**Exercise requirements**
Write out the whole listing exactly; no images belong in it.

**Supplied material**
——————————

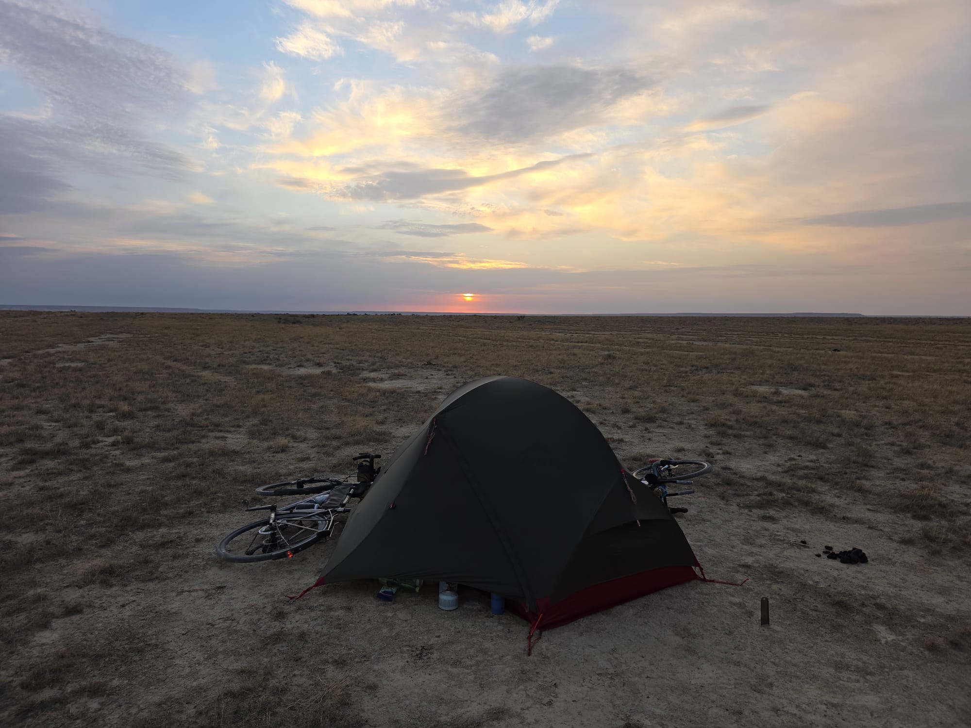 The day as a whole was a bumpy, very very windy ride across the Kazak steppe. We're not very remote yet, but it was easy to forget that seeing only tracks and nothing else in every direction!
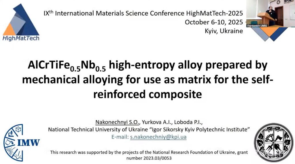Щиро дякуємо організаційному комітету HighMatTech-2025 за високий рівень проведення конференції, теплу атмосферу та можливість презентувати наші досягнення на такому авторитетному науковому майданчику!
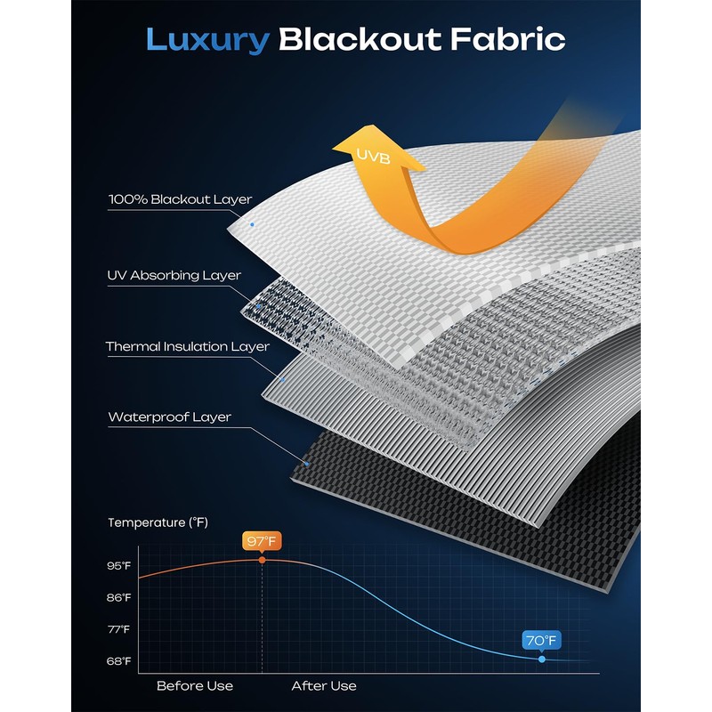- 【100% Blackout】:LEIYER 100% blackout blind is engineered with triple-layer blackout material to completely block sunlight and UV rays. Made of polyester with silver-coated backing, the portable blackout curtain reflects 95% of heat radiation
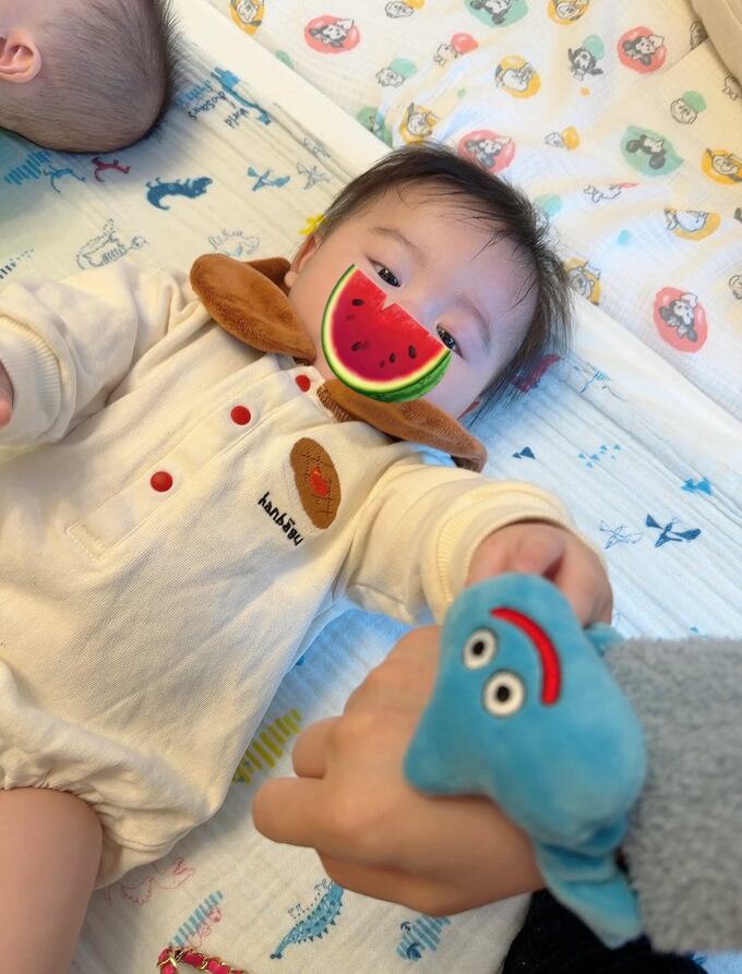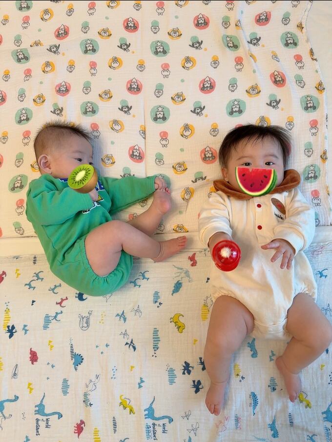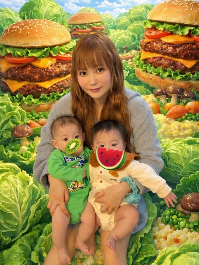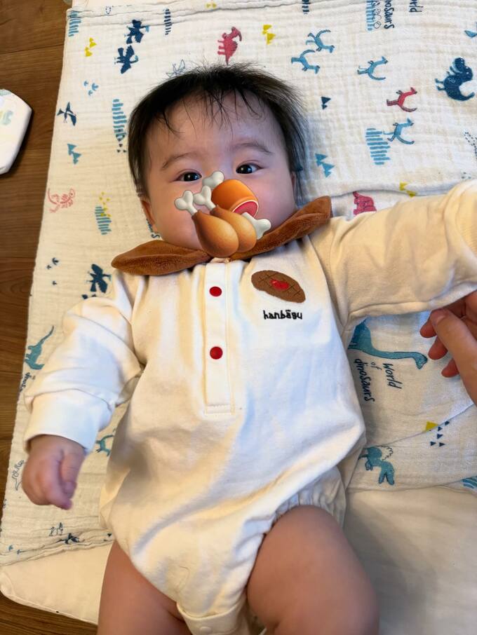 この記念すべき日に中川さんが選んだ衣装も、彼女らしい遊び心に溢れていました。双子の兄弟が着用していたのは、スナック菓子「キャベツ太郎」と、美味しそうな「ハンバーグ」が大きく描かれたユニークなロンパース。

——————————

**Answer**
 The day as a whole was a bumpy, very very windy ride across the Kazak steppe. We're not very remote yet, but it was easy to forget that seeing only tracks and nothing else in every direction!
Щиро дякуємо організаційному комітету HighMatTech-2025 за високий рівень проведення конференції, теплу атмосферу та можливість презентувати наші досягнення на такому авторитетному науковому майданчику!
- 【100% Blackout】:LEIYER 100% blackout blind is engineered with triple-layer blackout material to completely block sunlight and UV rays. Made of polyester with silver-coated backing, the portable blackout curtain reflects 95% of heat radiation
 この記念すべき日に中川さんが選んだ衣装も、彼女らしい遊び心に溢れていました。双子の兄弟が着用していたのは、スナック菓子「キャベツ太郎」と、美味しそうな「ハンバーグ」が大きく描かれたユニークなロンパース。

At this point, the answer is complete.